EXTRACTED MATERIAL:
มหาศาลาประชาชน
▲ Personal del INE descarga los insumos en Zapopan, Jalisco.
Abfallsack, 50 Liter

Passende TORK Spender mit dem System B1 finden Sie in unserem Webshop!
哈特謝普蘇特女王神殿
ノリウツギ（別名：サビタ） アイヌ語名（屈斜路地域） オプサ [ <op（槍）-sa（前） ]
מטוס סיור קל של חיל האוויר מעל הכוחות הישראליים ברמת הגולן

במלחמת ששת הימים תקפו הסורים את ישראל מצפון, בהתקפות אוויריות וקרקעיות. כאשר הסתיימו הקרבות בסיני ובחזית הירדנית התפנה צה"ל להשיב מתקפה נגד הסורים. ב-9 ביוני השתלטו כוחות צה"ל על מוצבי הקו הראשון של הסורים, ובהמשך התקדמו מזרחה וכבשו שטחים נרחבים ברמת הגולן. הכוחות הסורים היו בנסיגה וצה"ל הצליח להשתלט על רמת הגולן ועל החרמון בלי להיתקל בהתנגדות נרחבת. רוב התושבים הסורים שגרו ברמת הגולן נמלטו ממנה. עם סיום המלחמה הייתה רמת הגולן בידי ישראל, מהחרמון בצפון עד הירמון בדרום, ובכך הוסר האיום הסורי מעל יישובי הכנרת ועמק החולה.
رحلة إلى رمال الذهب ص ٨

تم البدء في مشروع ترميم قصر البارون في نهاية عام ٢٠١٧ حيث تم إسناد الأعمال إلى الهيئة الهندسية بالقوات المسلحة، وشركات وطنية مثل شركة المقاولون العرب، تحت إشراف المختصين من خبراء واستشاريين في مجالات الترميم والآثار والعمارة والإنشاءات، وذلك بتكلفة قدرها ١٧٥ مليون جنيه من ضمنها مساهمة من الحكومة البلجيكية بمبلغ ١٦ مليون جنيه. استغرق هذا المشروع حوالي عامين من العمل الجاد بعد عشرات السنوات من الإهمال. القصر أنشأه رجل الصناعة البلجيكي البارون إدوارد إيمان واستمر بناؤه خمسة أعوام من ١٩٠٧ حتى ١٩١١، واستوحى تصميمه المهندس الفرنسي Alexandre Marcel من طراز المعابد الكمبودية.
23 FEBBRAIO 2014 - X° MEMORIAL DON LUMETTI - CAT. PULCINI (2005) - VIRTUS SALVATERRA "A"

==

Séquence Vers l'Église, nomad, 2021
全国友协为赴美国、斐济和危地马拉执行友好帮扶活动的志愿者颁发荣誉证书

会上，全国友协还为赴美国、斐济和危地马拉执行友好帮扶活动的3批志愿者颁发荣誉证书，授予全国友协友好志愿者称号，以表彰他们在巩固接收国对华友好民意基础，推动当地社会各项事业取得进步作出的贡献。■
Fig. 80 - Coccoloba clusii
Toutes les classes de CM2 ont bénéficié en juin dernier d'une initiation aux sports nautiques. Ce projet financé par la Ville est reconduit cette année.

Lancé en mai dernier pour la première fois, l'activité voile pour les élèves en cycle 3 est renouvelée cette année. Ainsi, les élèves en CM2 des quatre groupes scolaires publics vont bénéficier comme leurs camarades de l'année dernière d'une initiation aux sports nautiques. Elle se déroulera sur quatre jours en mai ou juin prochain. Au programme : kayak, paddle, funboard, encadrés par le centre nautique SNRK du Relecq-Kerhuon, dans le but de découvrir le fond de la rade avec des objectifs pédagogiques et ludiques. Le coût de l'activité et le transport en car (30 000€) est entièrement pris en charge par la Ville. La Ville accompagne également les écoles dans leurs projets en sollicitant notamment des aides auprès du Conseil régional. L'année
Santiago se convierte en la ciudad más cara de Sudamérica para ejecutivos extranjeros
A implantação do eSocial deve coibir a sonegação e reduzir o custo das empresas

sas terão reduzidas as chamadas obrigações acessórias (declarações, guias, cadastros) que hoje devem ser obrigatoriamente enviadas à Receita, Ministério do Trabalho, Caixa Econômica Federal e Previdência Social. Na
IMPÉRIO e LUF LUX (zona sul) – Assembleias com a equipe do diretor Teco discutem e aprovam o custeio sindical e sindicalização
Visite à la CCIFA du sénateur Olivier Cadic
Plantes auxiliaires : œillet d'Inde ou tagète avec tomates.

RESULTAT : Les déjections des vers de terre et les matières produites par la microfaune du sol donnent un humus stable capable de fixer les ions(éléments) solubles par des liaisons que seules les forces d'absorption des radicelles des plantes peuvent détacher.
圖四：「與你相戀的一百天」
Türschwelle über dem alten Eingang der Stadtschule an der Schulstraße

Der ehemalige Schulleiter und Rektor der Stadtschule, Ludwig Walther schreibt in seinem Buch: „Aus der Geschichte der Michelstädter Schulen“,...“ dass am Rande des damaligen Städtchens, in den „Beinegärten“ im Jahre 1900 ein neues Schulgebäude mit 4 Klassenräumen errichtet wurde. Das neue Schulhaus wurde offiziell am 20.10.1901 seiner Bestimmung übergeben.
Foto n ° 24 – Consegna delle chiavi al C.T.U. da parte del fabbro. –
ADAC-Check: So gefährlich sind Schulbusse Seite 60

WORK ORDER:
Please copy the lines in the records above between the one holding "تم البدء في" and the one holding "23 FEBBRAIO 2014", inclusive, exactly and with no other line.

RESPONSE TO THIS TASK:
تم البدء في مشروع ترميم قصر البارون في نهاية عام ٢٠١٧ حيث تم إسناد الأعمال إلى الهيئة الهندسية بالقوات المسلحة، وشركات وطنية مثل شركة المقاولون العرب، تحت إشراف المختصين من خبراء واستشاريين في مجالات الترميم والآثار والعمارة والإنشاءات، وذلك بتكلفة قدرها ١٧٥ مليون جنيه من ضمنها مساهمة من الحكومة البلجيكية بمبلغ ١٦ مليون جنيه. استغرق هذا المشروع حوالي عامين من العمل الجاد بعد عشرات السنوات من الإهمال. القصر أنشأه رجل الصناعة البلجيكي البارون إدوارد إيمان واستمر بناؤه خمسة أعوام من ١٩٠٧ حتى ١٩١١، واستوحى تصميمه المهندس الفرنسي Alexandre Marcel من طراز المعابد الكمبودية.
23 FEBBRAIO 2014 - X° MEMORIAL DON LUMETTI - CAT. PULCINI (2005) - VIRTUS SALVATERRA "A"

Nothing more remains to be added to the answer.